* **Problem details**
Your answer must be an exact copy of the records, minus any pictures.

[Data excerpts]
• • • •
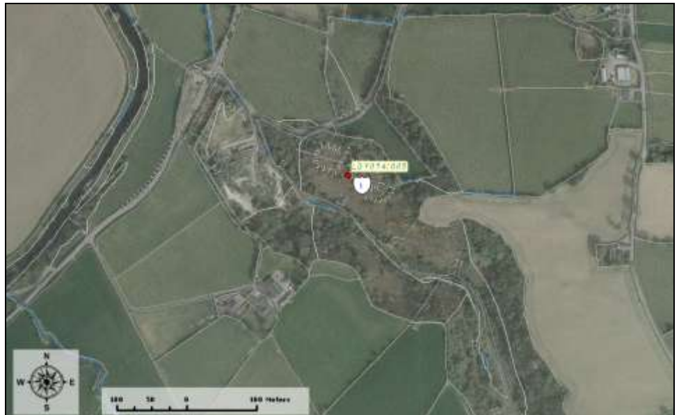
Extract from NIEA SMR MapViewer of the site (Map ID No. 1)
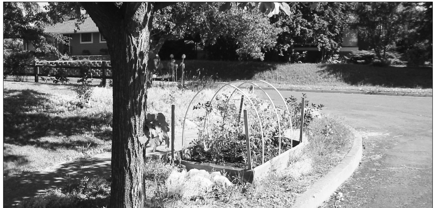
An innovative homeowner takes advantage of a spacious tree lawn to plant garden crops in a raised bed. The city's ordinances provide no restrictions on this use of the right-of-way.

Actions in support of permaculture may help your community qualify for a Tree City USA Growth Award.
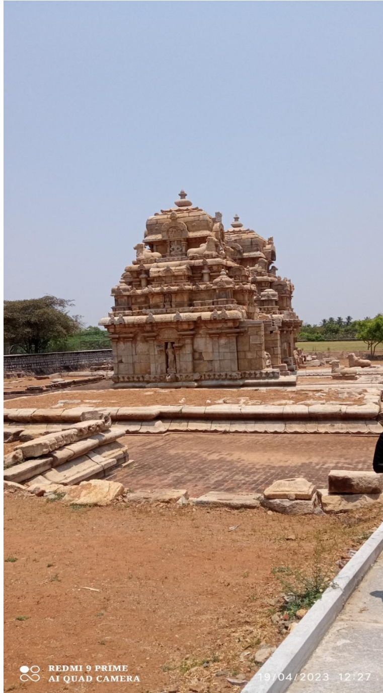
Moovar Temple in the village of Kodumbalur, Puthukottai district
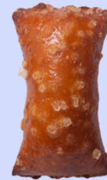
Almond or Sunflower Butter Filled Pretzel
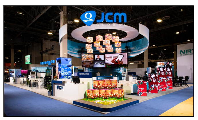
Visit JCM Global at G2E - Booth #4039 Venetian Expo

JCM's latest partnership with Cash Processing Solutions (CPS) dramatically increases efficiencies in the Count Room, with flexible and modular Count-Sort Solutions, including the 7000i^{\text{\tiny M}} , X Range ^{\text{\tiny M}} , V Series ^{\text{\tiny M}} and ECM ^{\text{\tiny M}} enterprise-wide Cash Management software.
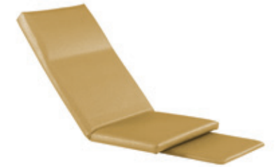
Series RT 404 Replacement Bed Top For Ritter/Midmark® 404
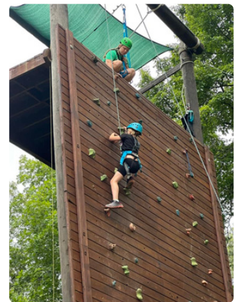
Campers participating in Archery and High Wall Challenge Course.
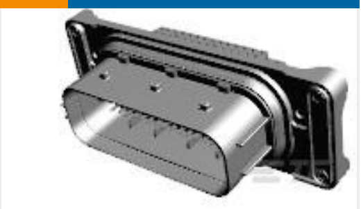
TE Part #1-1418362-3 62 POS MIXED HEADER CODA
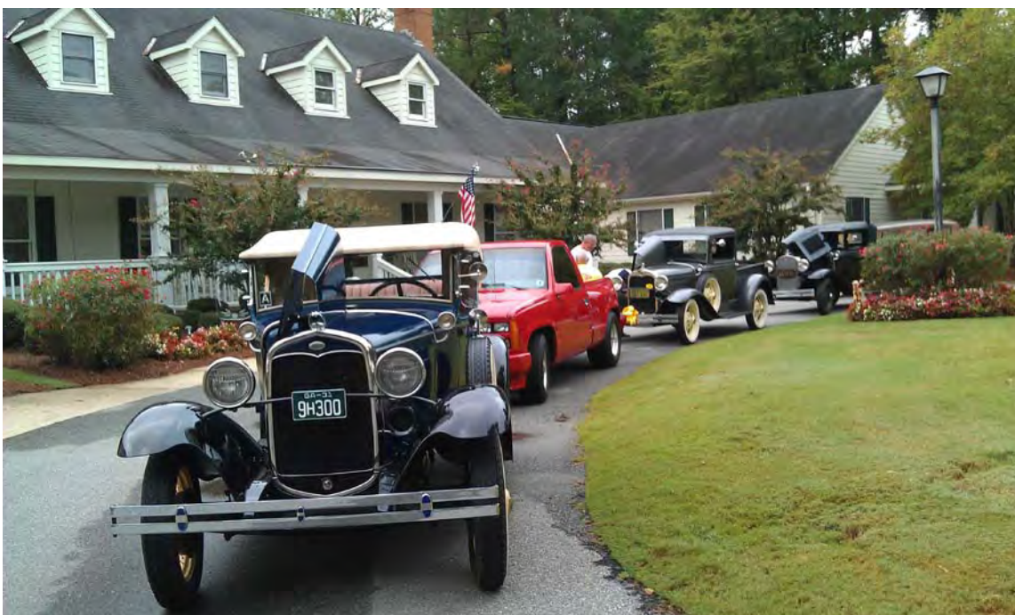
Several of the Members Cars...

I believe our mission for the day was accomplished. We drove our cars and we brought joy to the residents of the Nursing Home.
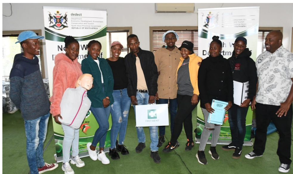
Trainees undergoing CPR training as part of the course to receive their registration as tourist safety monitors

T he Department of Economic Development, Environment, Conservation, and Tourism concluded the facilitation of another two-day First Aid Training for nine (9) youth who were placed Under the National Tourism Safety Monitors Programme in Mogwase around the Moses Kotane Local Municipality.
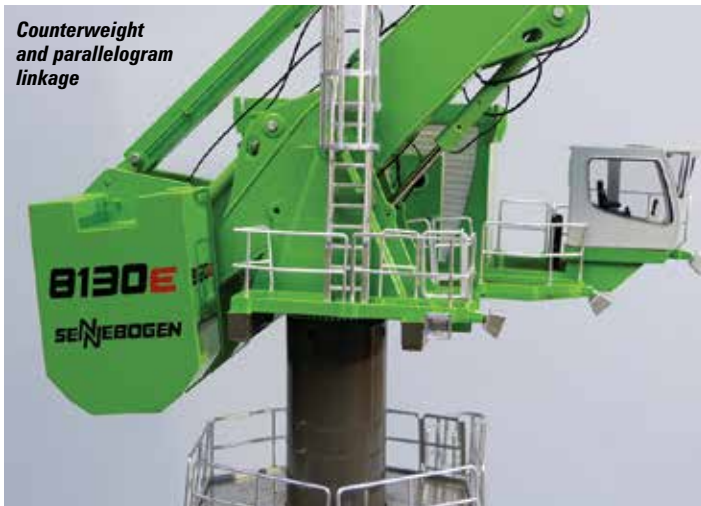
Counterweight and parallelogram linkage
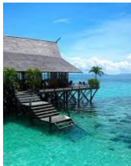
Kapalai Dive Resort
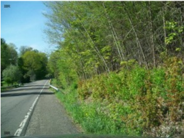
Land View 5
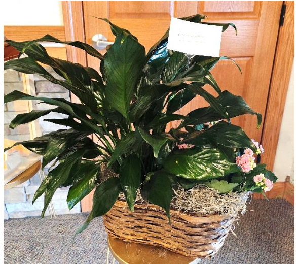
City of Vermillion
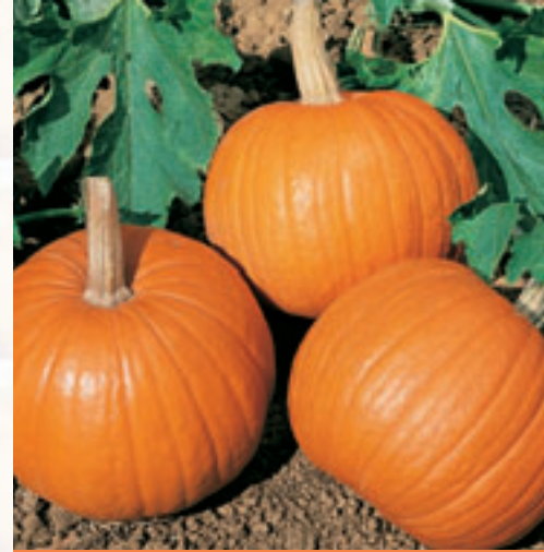
Wee Be Little

Ninety five days to maturity. Uniquely blue skinned pumpkin, from Australia, usually weighs seven to eight pounds with a ten inch diameter. Jarradale has excellent flesh quality a must for any market grower or gardener who wanting to add color to displays and packs.
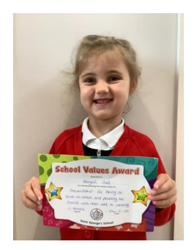
Abigail for showing stewardship by being kind & praising others!
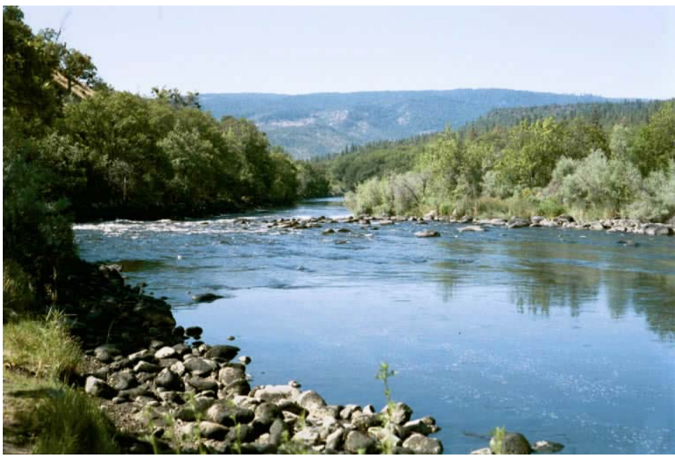
Stateline take-out (PacifiCorp and BLM)
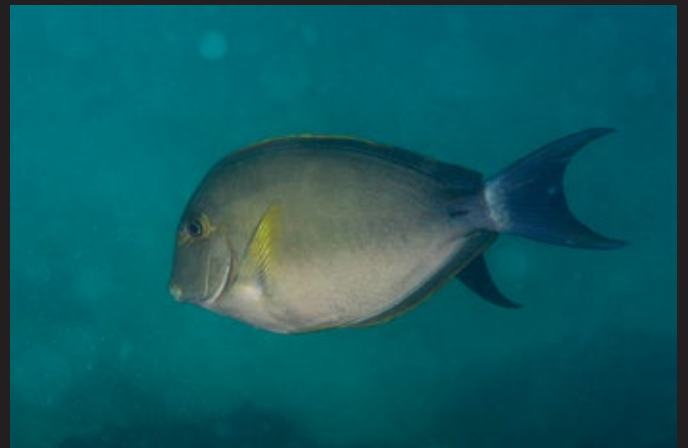
YELLOWFIN SURGEONFISH ( Acanthurus xanthopterus )
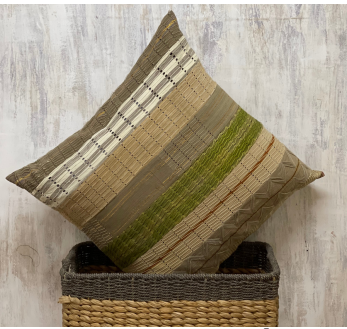
A167 Reconstructed West African Asoke cloth cushion cover 2 • $360 Striped Cushion 30" x 30".
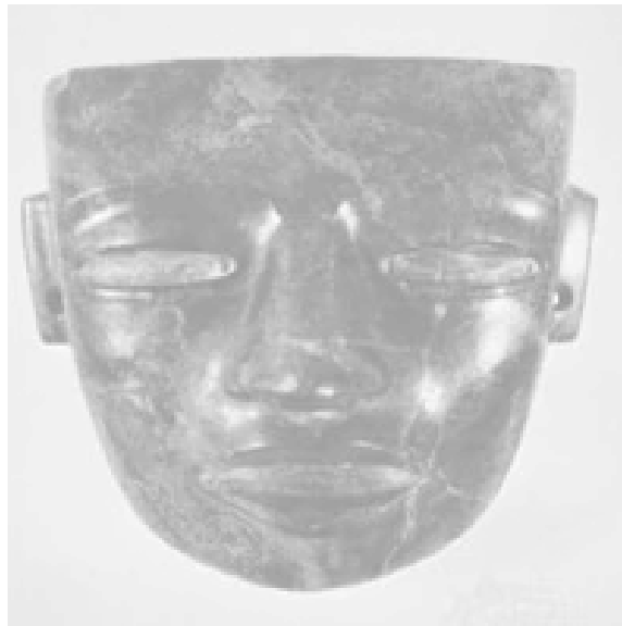
Ancient Mexican porphyry mask found north of Texcoco, Mexico, Teotihuacán civilization,
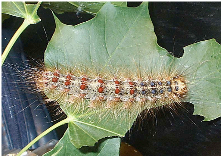
Gypsy-moth caterpillar ( Lymantria dispar ).

View the PowerPoint about asking open versus closed questions.
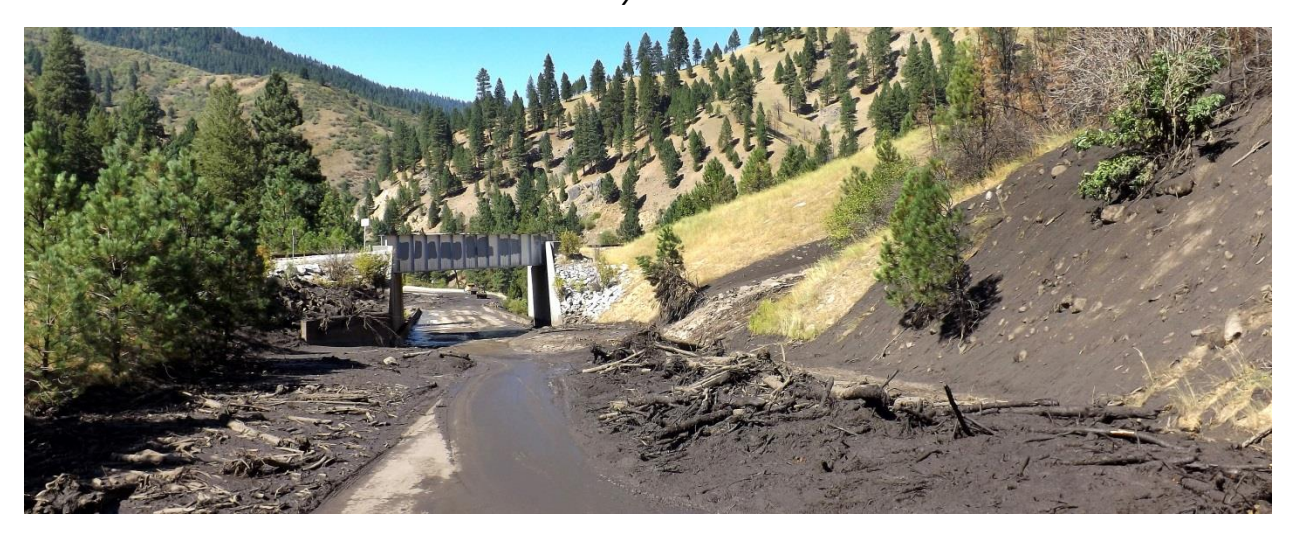
An integrated approach to protecting the public's investment in Idaho's transportation system
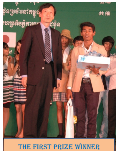
THE FIRST PRIZE WINNER
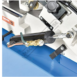
Hydraulic Ram For Down Feed Control
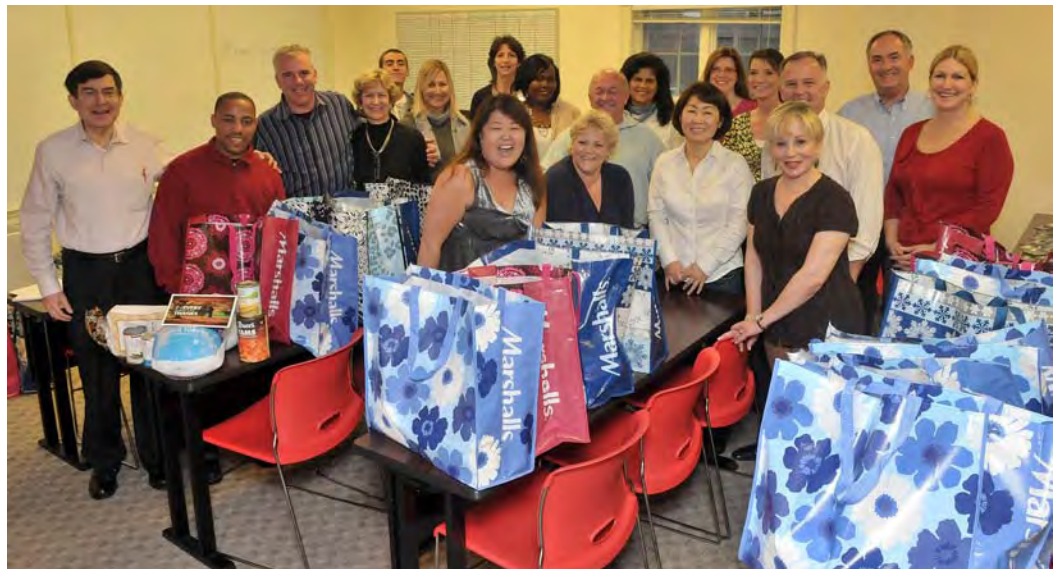
Keller Williams Realty associates, family and friends are shown with some of the bags used to deliver a Thanksgiving turkey with all the “fixins” to Alexandrians in need.

What better way to show our thanks for all our blessings!
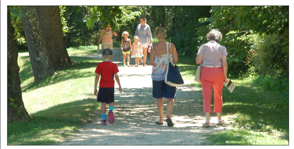
C&O CANAL TRAIL WALKERS
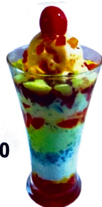
Desi Special Falooda
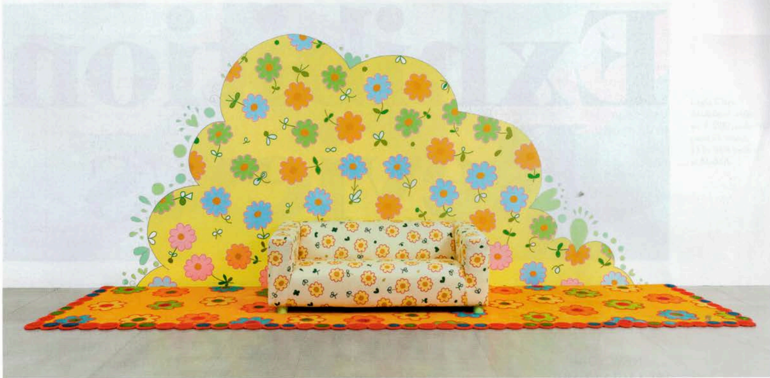
Dreaming makes the world go forward, 2010, acrylic paint on wall and mixed mediums, 94½ by 221¼ by 47½ inches, at Tate St Ives.

STILLMAN My guess is those viewers missed the crucial element of masquerade in your work: it appropriates the visual appearance of a teenager's doodles to raise adult questions.
• • • •
* **Task output**
Extract from NIEA SMR MapViewer of the site (Map ID No. 1)
An innovative homeowner takes advantage of a spacious tree lawn to plant garden crops in a raised bed. The city's ordinances provide no restrictions on this use of the right-of-way.

Actions in support of permaculture may help your community qualify for a Tree City USA Growth Award.
Moovar Temple in the village of Kodumbalur, Puthukottai district
Almond or Sunflower Butter Filled Pretzel
Visit JCM Global at G2E - Booth #4039 Venetian Expo

JCM's latest partnership with Cash Processing Solutions (CPS) dramatically increases efficiencies in the Count Room, with flexible and modular Count-Sort Solutions, including the 7000i^{\text{\tiny M}} , X Range ^{\text{\tiny M}} , V Series ^{\text{\tiny M}} and ECM ^{\text{\tiny M}} enterprise-wide Cash Management software.
Series RT 404 Replacement Bed Top For Ritter/Midmark® 404
Campers participating in Archery and High Wall Challenge Course.
TE Part #1-1418362-3 62 POS MIXED HEADER CODA
Several of the Members Cars...

I believe our mission for the day was accomplished. We drove our cars and we brought joy to the residents of the Nursing Home.
Trainees undergoing CPR training as part of the course to receive their registration as tourist safety monitors

T he Department of Economic Development, Environment, Conservation, and Tourism concluded the facilitation of another two-day First Aid Training for nine (9) youth who were placed Under the National Tourism Safety Monitors Programme in Mogwase around the Moses Kotane Local Municipality.
Counterweight and parallelogram linkage
Kapalai Dive Resort
Land View 5
City of Vermillion
Wee Be Little

Ninety five days to maturity. Uniquely blue skinned pumpkin, from Australia, usually weighs seven to eight pounds with a ten inch diameter. Jarradale has excellent flesh quality a must for any market grower or gardener who wanting to add color to displays and packs.
Abigail for showing stewardship by being kind & praising others!
Stateline take-out (PacifiCorp and BLM)
YELLOWFIN SURGEONFISH ( Acanthurus xanthopterus )
A167 Reconstructed West African Asoke cloth cushion cover 2 • $360 Striped Cushion 30" x 30".
Ancient Mexican porphyry mask found north of Texcoco, Mexico, Teotihuacán civilization,
Gypsy-moth caterpillar ( Lymantria dispar ).

View the PowerPoint about asking open versus closed questions.
An integrated approach to protecting the public's investment in Idaho's transportation system
THE FIRST PRIZE WINNER
Hydraulic Ram For Down Feed Control
Keller Williams Realty associates, family and friends are shown with some of the bags used to deliver a Thanksgiving turkey with all the “fixins” to Alexandrians in need.

What better way to show our thanks for all our blessings!
C&O CANAL TRAIL WALKERS
Desi Special Falooda
Dreaming makes the world go forward, 2010, acrylic paint on wall and mixed mediums, 94½ by 221¼ by 47½ inches, at Tate St Ives.

STILLMAN My guess is those viewers missed the crucial element of masquerade in your work: it appropriates the visual appearance of a teenager's doodles to raise adult questions.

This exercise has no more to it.